Had Lee accepted Lincoln’s offer, or simply retired and gone home, he would have deprived the Confederacy of a crackerjack commander. The union may well have defeated the South quickly and decisively, reaching the same outcome with a mere fraction of the death, destruction, misery, and animus that ensued. I’m just sayin’.

● Depicting data in a pie chart is a common practice everywhere, but “pie chart” is an English term. In France, it’s called a “Camembert,” which is a round cheese typically cut in wedges. In Germany, a pie chart is a “tortendiagram” — a diagram shaped like a torte or cake.

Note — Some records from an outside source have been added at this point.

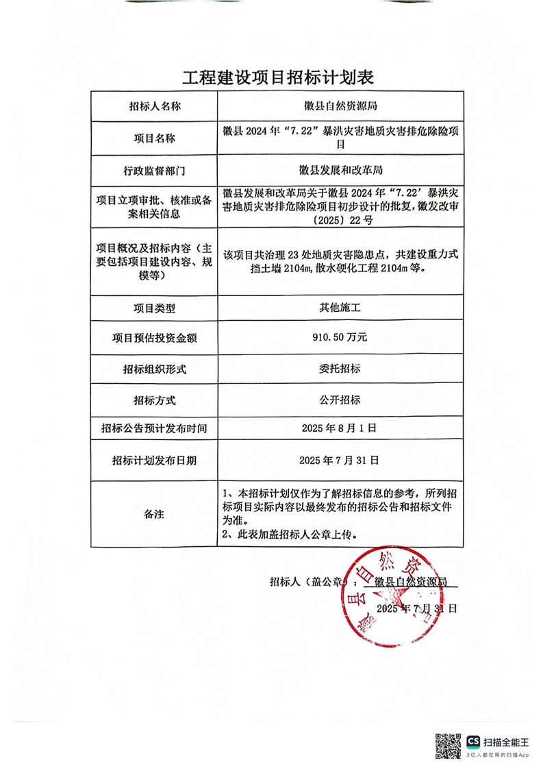 徽縣2024年“7.22”暴洪災害地質災害排危除險項目
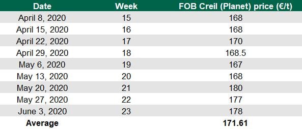 The table below shows the FOB Creil Planet price (€) at the close of business each Wednesday.
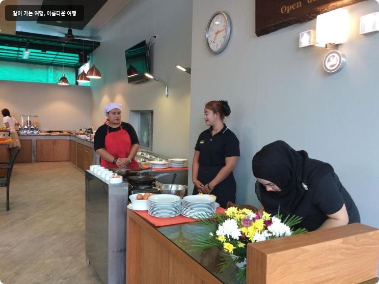 조식도 만족스러웠어요! 뷔페식으로 다양한 메뉴가 준비되어 있었는데, 특히 태국 음식들이 정말 맛있었어요. 😋 신선한 과일도 종류별로 있어서 아침부터 비타민 충전 제대로 했답니다. 🍊🍉🍍
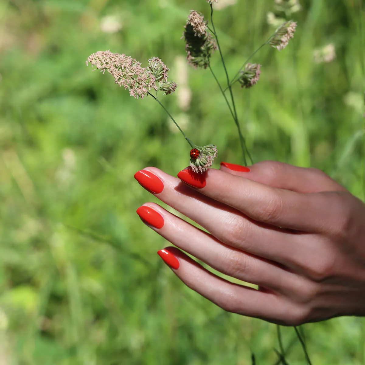 Un vernis à ongles rouge corail de la gamme Green™.

● Rhinopithecus strykeri, the “Burmese sneezing monkey,” is an endangered primate discovered a few years ago in Myanmar. The species is unique for its wide, upturned nostrils. Natives report that water easily gets in the monkeys’ nostrils during a rain, and they can be heard sneezing. The monkeys are said to spend rainy days sitting quietly with their heads tipped forward.

Burmese Sneezing Monkey

● Vaseline Petroleum Jelly was patented in 1872 by Robert Chesebrough of Brooklyn, New York. Chesebrough had visited an oil field in Pennsylvania in 1859 and learned about a waxy substance that built up on the pumps and had to be removed periodically. Workers often used the stuff to soothe cuts and abrasions.

Chesebrough took samples home and spent the next decade perfecting the product. His company manufactured Vaseline until 1987, when Unilever bought the rights.

● Over the years, a surprising number of animals have been rocketed into space, usually to test whether they could survive the conditions. Some did, some didn’t. Among the animals: fruit flies, dogs, monkeys, chimps, mice, rats, rabbits, turtles, frogs, mealworms, insects, spiders, amoebae, fish, jellyfish, and one cat.

The cat was Félicette, a stray found on the streets of Paris and sent into space by France in 1963. After a 15-minute sub-orbital flight, Félicette’s capsule parachuted back to Earth, and she was recovered safely.

● The continental U.S. and mainland China are roughly the same size, both being about 3,000 miles wide. Geographically, that covers four time zones in the U.S., and five in China. However, in 1949, the Communist Party switched the entire country to Beijing Standard Time. In addition to having just one time zone, China also ignores daylight savings time.

● In 1782, General George Washington created the Badge of Military Merit to be given to soldiers who exhibited gallantry in battle or performed an essential service. It was the first award meant to recognize ordinary soldiers instead of glorifying their superiors.

The award was given three times during the Revolutionary War, but it fell out of use thereafter. In the 1930s, the War Department revived it as the Purple Heart Medal. It was given retroactively to all living veterans of previous wars who had proof of being wounded.